We know that’s a lot to think about when deciding if a managed reverse ETL solution is for you. So here’s a recap:

  • The cost of building your own tool is often more than it makes sense for many companies to take on. Our best case back of the napkin estimates put it at almost $19K and six weeks to build only three connectors, and that doesn’t come close to factoring in the maintenance costs.
  • The cost of maintaining a bespoke reverse ETL tool often balloons well beyond initial estimates and never really stops.

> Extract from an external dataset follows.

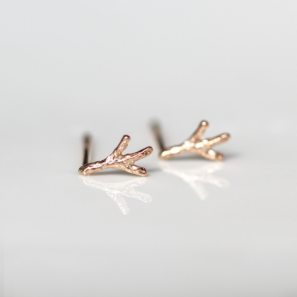 鳥あしあとのスタッドピアス。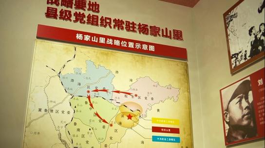 二、“中流砥柱 使命担当”这一部分展示了杨家山里战略位置示意图,杨家山里地处胶东、滨海两大战略区的结合部,当时五个县级党组织先后常驻杨家山里,杨家山里也成为远近闻名的革命摇篮。

Outsourcing your reverse ETL tool to a vendor like Census lets you do higher leverage work with that time and gain some peace of mind.
  • The opportunity cost of having your talented data engineers focus on building and maintaining a DIY tool (and the wasted potential of your analysts) is more than enough to offset the annual cost of a dedicated reverse ETL tool.
  • Reverse ETL is not just another pipeline and there is significant complexity in trying to build a tool with the functionality to satisfy business intelligence use cases and reliably meets technical requirements like dealing with write APIs.

Hopefully, by now you’re in the camp of folks who know they want to invest in a reverse ETL tool from a dedicated, expert vendor like Census. If you’re ready to start the journey toward operational analytics (AKA doing more with your data (and time)), there are some key considerations to keep in mind as you search for the best reverse ETL tool.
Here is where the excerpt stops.